The CNN story and many SA articles spoke of the importance of helium and its rarity, pointing out the potential of the gas found in extremely high concentrations at Renergen’s Virginia site. What the stories often failed to note is that helium in the ground needs to be pumped out, and transported to its destination, and much can be lost along the way.
In 2021, Business Day reported how Renergen would be producing 350kg a day of helium that year. Then Business Day reported on how it expected to produce this amount from 2023, but this hasn’t yet happened.
Renergen told CNN they hope the helium will flow in February, after leaks and setbacks. Here is hoping it does. SA needs more successful businesses.
It took a while before the SA media started asking questions about Renergen and became more circumspect about a company that is likely to be years away from making serious money.
Contrast Renergen with Impact Oil and Gas, a Londonbased exploration company, half-owned by SA’s Hosken Consolidated Investments (HCI), that last week sold half its stake in offshore oilfields in Namibia to TotalEnergies. The French behemoth will finance the development of the deepsea fields. Impact and HCI don’t have hundreds of billions for the development.
Hopefully, Renergen can raise the cash it needs.

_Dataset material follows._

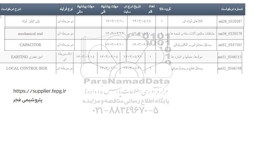 شماره درخواست   گروه کالا تعداد قلم مهلت پیشنهاد

As CNN notes, it has a promised loan of $500m from the US International Development Finance Corporation and $250m from Standard Bank. But what is not said, is that these loans are given on condition that Renergen raises $200m.
Renergen missed its own deadline to list on the Nasdaq in 2023 to raise some of this capital. It held a shareholder approval vote in April, but in terms of Australian listing rules, the approval expired after three months.
It missed other deadlines too, as happens in oil development and mining. What happened to the Central Energy Fund’s promised R1bn investment in Renergen’s subsidiary Tetra?
In its 2023 annual report, auditors issued a “material uncertainty” about whether Renergen would continue to be a going concern if it failed to raise sufficient funding to develop the resource.
Let’s hope the CEO raises the money he needs in the US.
SA is watching, with the market eager to see consistent resource and cash flows, rather than media hype.